Food allergens can pose a significant health risk to the consumer. The spectrum of food allergens has expanded over the past decade with an increasing popualtion presenting with food intolerance and allergic reaction. Allergens can contaminate food product and the production environment at and any stage from preparation to storage and/or distribution and hence the food chain. This module will examine the classification of allergens in food, the physiological effects of allergens in the body and the spectrum of response, the legislation and control measures that should be taken to protect the consumer, identification of allergens in foods and the development of products formulated with specific dietary requirement.
Classification of Food allergens: List and identify the spectrum of allergens in foods, from the major allergens to the residues assocaied with allergic response.

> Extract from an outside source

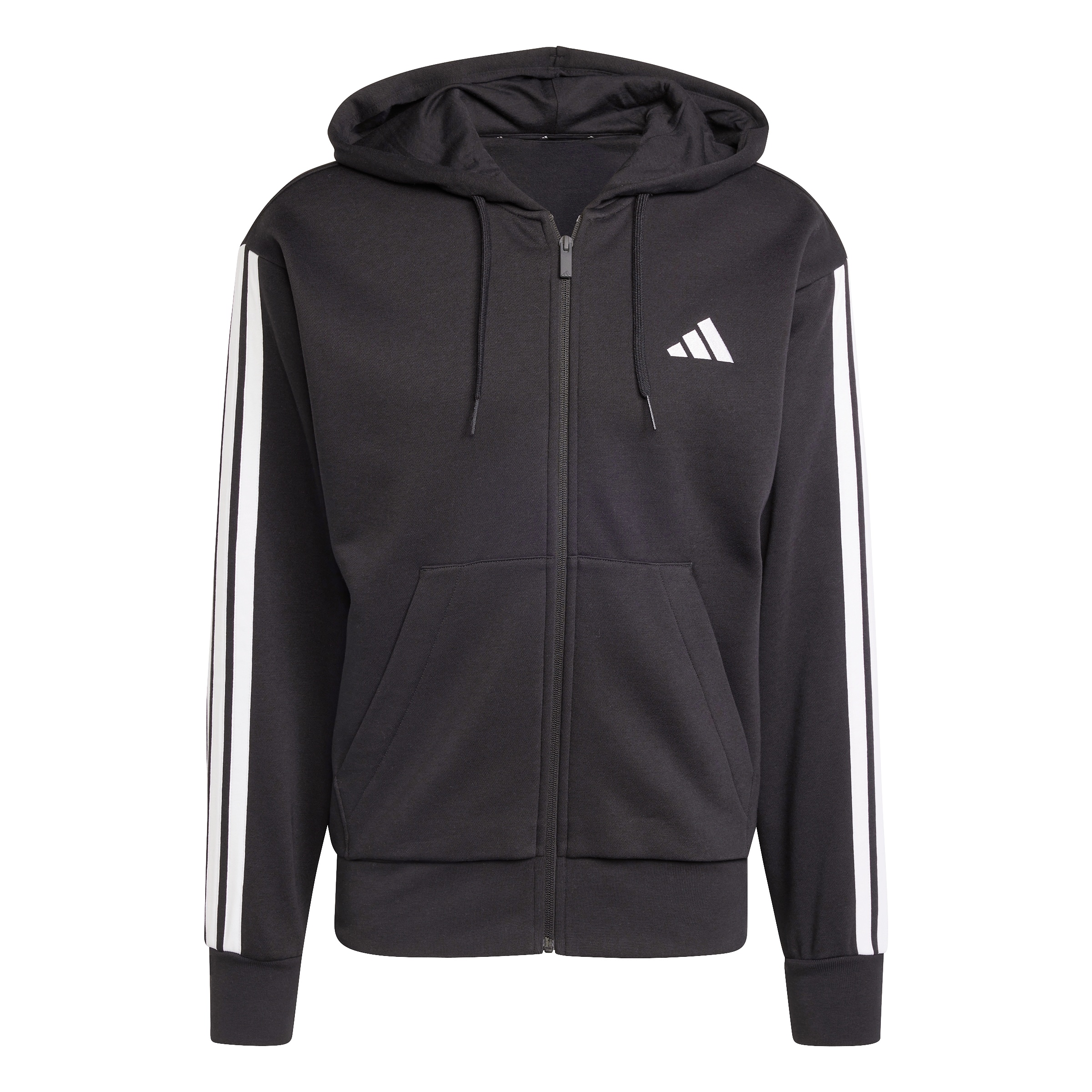 Introducing the Essential Three Stripes Fleece Hoodie, designed for men. This regular fit, hooded track top is a modern, versatile piece for an easy, everyday look. The bold execution of the three stripes and the embroidered three-bar logo add a touch of adidas authenticity. Made with recycled and renewable materials, this hoodie features an updated fit, dropped shoulder and armhole, and a new 2-piece hood construction. A perfect blend of comfort, style, and sustainability.

Physiological effects of allergens on the body: Differentiate between low level intolerance to anaphylatic shock. Describe the range of food intolerance and classifiy the allergen directly associated. Recognise the role of allergens in all relevant diseases, identify clinically significant allergens and provide advice on avoidance wherever appropriate
Control of Allergens in the food chain: Detail the regulations, legisation and control measures applicable to food production, preparation and labelling.
Method of detection: Laboratory methods (PCR & rapid detection) of detecting a range of allergens in food and the production environment (dust).
The module will usually be delivered over a semester, to include, lectures, discussion groups and workshops.